A comunidade entrou nos eixos novamente depois da última invasão que nos baqueou legal. Os negócios estão fortalecidos, tanto o meu, quanto dos comerciantes e também fiz acordo com um político pra trazer mais profissionais pro postinho de saúde que antes atendia até 22:00 e agora é tipo uma UPA, aberta 24 horas. E ele também ajudou a criar a ONG pra molecada que há tempo meu pai queria fazer, mas na prática não entrava em funcionamento. É aquele lance, o cara fortalece a gente pra ser fortalecido também, daí é só sucesso.
Hoje foi mais um dia que tive que parar pra resolver a p**a de morador que o Brand trouxe até mim.
— E então Payú, o que tu definiu? — ele pergunta parado na minha frente, do outro lado da mesa capenga da boca.
— Bom, essa duas que se pegaram pelos cabelos e fizeram escândalo dentro do mercadinho do seu Marcondes, elas vão fazer a limpeza do mercadinho dele, 10 dias cada uma, incluindo no domingo, uma de manhã e a outra a tarde, pra aprenderem a não ficar brigando por causa de macho que come as duas e ainda fazer o trabalhador ter prejuízo!

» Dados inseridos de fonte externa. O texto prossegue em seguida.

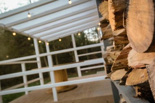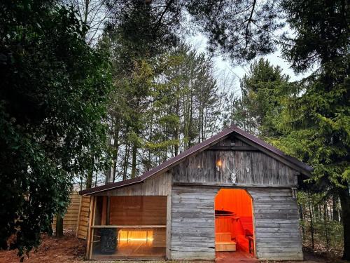 COZYWOOD Domki wypoczynkowe z balią i sauną na Kaszubach features a sauna and a hot tub, as well as air-conditioned accommodation in Pomlewo, 27 km from Gdansk Lipce. This property offers access to a terrace and free private parking. The holiday home has family rooms.

Dei essa ordem porque na hora da briga, o mercadinho teve que ficar fechado mais de uma hora por conta da bagunça das piranhas dentro do estabelecimento, e comércio fechado em comunidade, é prejuízo, afinal, a favela não para nunca, dia e noite, sem falar que teve uns produtos danificados por elas na hora que de se atracaram. Assim elas aprendem que a lei por aqui funciona, lei de bandido, mas é lei, que funciona muito bem, por sinal.
— E se elas reclamarem, pode botar pra fora da comunidade e proibir de colocar os pés de novo aqui! — falei, bolando um baseado, apertando a seda.
— E com o machão lá que bateu na esposa? Tô sabendo que não é a primeira vez que ele faz agressão com ela! O cara é o maior encostado, não coloca um trabalho naquele corpo e ainda pega o dinheiro da mulher para comprar bebida. Vacilão do c*****o! — Brand fala, posicionado com as mãos à frente do corpo, segurando o fuzil.
— Nesse aí pode mandar dar uma surra, uma madeirada bem dada, daquelas de deixar judiado! — puxo a erva que rapidamente queima a seda. — E já avisa, outro caô desses, não vai ser madeirada, vai ser ele dentro da madeira, no caixão, pra alegria do coveiro!
— Positivo! — Brand assente e coça o canto do nariz, reprimindo um sorriso.
— Tá querendo rir né, seu p*u no cu? Tu gosta de dar uns esculachos!
— Pô Payú, é satisfatório colocar essa gente encrenqueira na linha! — ele ri somente com os olhos.
— Tô ligado! É só assim que essa turma da caozada aprende, sem amor, só na dor mesmo.
— A Vanessinha me viu de bobeira tomando uma gelada lá no bar e veio trocar uma ideia comigo, mandando papo que você não procura mais ela, nem responde às mensagens, essa baboseira de p*****a que você já conhece!
Dou uma risada de canto ao escutar.
— Não tô afim de repetir p*****a mais, não! Aliás, ultimamente tô preferindo pagar uma profissional da área, tá ligado? Mesmo que saia mais caro! — outra tragada e aponto o baseado pra ele, continuando. — Assim eu escolho uma, ela vem, faz o serviço, pago e ela vai embora satisfeita e eu não fico recebendo mensagem no outro dia ou recadinho, né não, Brand?
— Tá seletivo, hein? — Ele dá um sorrisinho irônico e eu desdenho.
— Vai por mim, Brand, é melhor assim! Quando elas repetem a sentada, já ficam achando que são minhas fiéis! — Dou mais uma tragada, olho para a ponta e solto a fumaça pro alto, sinalizando com os olhos para a porta. Brand entendeu que era pra ir cumprir a ordem. Pegou o rádio e saiu dali pra designar os soldados que iriam fazer o trabalho.